Purposeful work Brand strategy Environment Social value

SOCIAL PURPOSE + SUSTAINABLE THINKING = WORLD DOMINATION

Matt Cox poses the question of whether social purpose and sustainable thinking are the holy grail of the new economy, and whether they can go together with financial success.

22 February 2023 • 4 min read

The New Economy is savage. It’s where we sit right now: a system commandeered by the customer, where brands must show that they actually care about us beyond our wallets. To do this, they need a strong social purpose. This is hard to attain in 2018, seeing as everyone is clawing to be the most responsible, thoughtful brand around.

Many of them back charitable causes in a bid to do some good. Cause marketing has been successfully used by massive names – we’ve all seen Innocent’s ‘Big Knit’ drive and Kenco’s ‘Coffee vs Gangs’ campaign. Unsurprisingly, smaller brands are following suit.

As with any trend, the more people do it – and do it badly – the more a good deed feels contrived. That’s why big brands have to adopt a wider social purpose for longer than just one campaign. It has to live through the entire organisation, raking in equal amounts of care and cash.

As a term, social purpose is ambiguous.

In this instance, it represents a brand looking beyond its basic commercial function in order to advance society. Despite cynics seeing it as a way for brands to increase valuation and power, social purpose has a long history in business.

In the first Industrial Revolution, businesses had to gain social purpose from a world upended by radical social flux. Despite harsh working conditions and the rise of labour unions, it was the reformers – factory owners – who gave workers more rights, raising standards and making their corner of the world better for employees.
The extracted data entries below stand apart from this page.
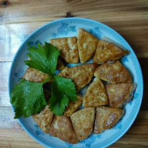 热锅冷油,用慢火煎至两面金黄,然后加适量的水,放少许酱油煮三分钟,可以装到盘里。
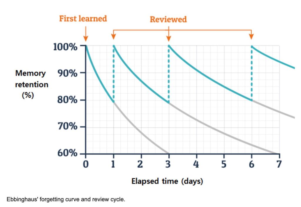 Timely review, even if spending a small amount of time each day quickly going through key points, is the most effective method.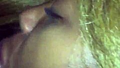 ebony amateur takes white cock creampie

This digital realm we’ve inhabited for the last two decades is now hurling us into the fourth Industrial Revolution. It poses the same challenge, albeit in a different guise – social purpose has never been more vital.

Entrepreneur Peter Thiel links major change to when the old way can no longer support rapid societal upheaval. With this in mind, every Industrial Revolution has occurred because the old economy couldn’t handle the challenges of globalisation, thus inciting widespread change. The challenge now, is in bringing social purpose up to speed with business growth, somehow making it longer-lasting.
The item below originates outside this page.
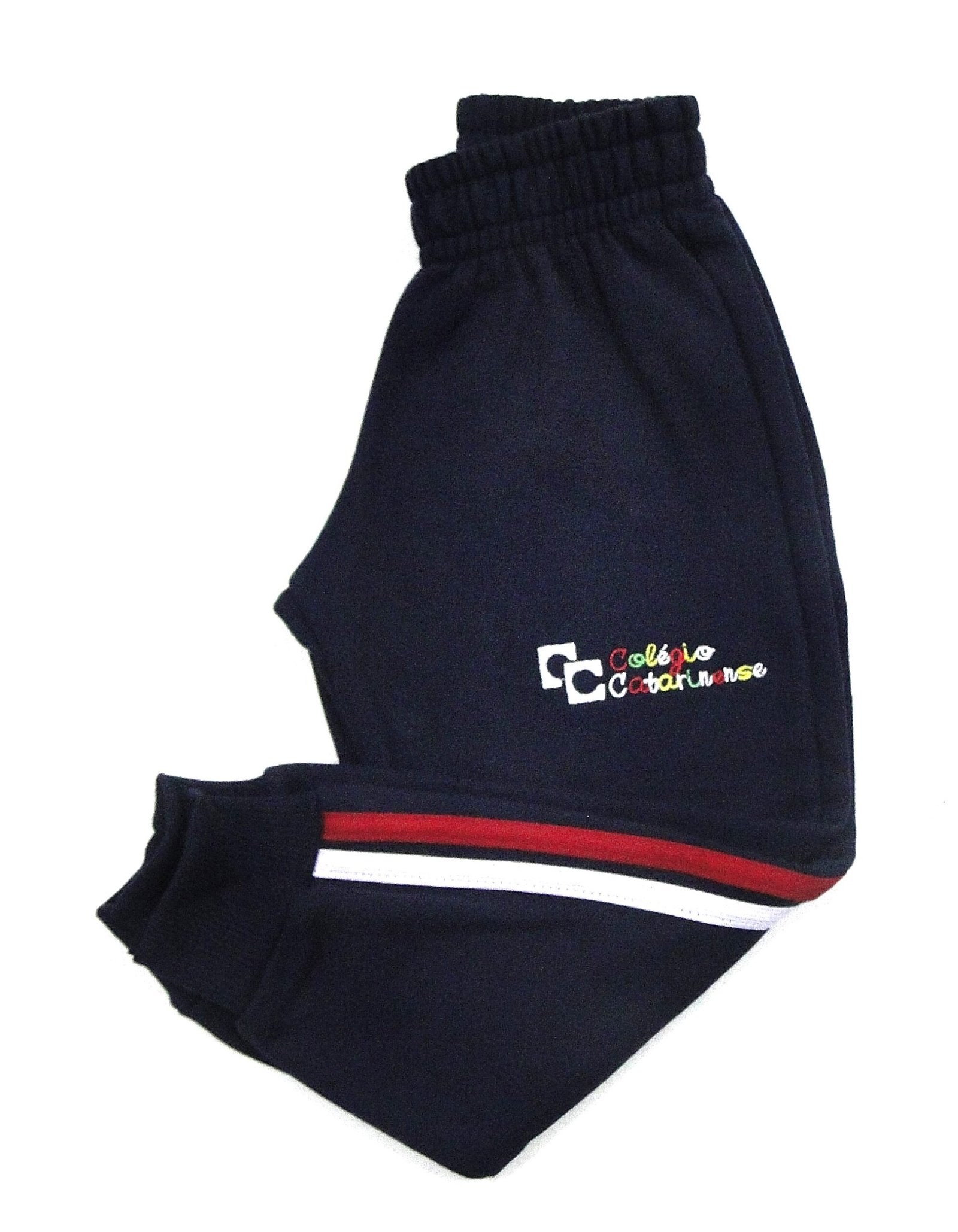 Calça de moletom peluciado 2 cabos 50% algodão 50% poliéster, com bolso de zíper e detalhe de viés vermelho e branco lado direito, logo bordado lado esquerdo. Acabamento com punhos de ribana na bainha. Tamanhos PP e P infantil sem bolso |

THE CREATE AVERAGE PRODUCT/SERVICE, ADVERTISE THE HELL OUT OF IT PROFIT MODEL IS OUTDATED. CONSUMERS HAVE MORE POWER THANKS TO DIGITAL TOOLS – WE’RE EXTRA DILIGENT ABOUT WHAT WE BUY.

With companies reaching trillion-dollar valuations today, a new form of brand positioning needs to be unearthed – something stronger than market capital. The path lies in sustainable thinking: creating a healthy balance between societal-led and corporate-led thinking in order to better value people and their wider needs.

And how are the world’s biggest brands striking this balance so far?

‘The Four Horsemen,’ a posse comprising Amazon, Google, Facebook and Apple, are taking commercial value to great heights in the New Economy. They’ve worked hard to frame their endeavours as social purpose, too – Apple empowers creativity, Facebook connects the world, Amazon is the one- click dream and Google organises the world’s information.

Sadly, any nobility that could be gleaned from such activity is sucked out by their supply chains. Amazon has a tendency to mop up demand by acquiring companies by the dozen, their Whole Foods buyout being a prime example. This is a business built around pure power, not social purpose. No company should be this big or powerful.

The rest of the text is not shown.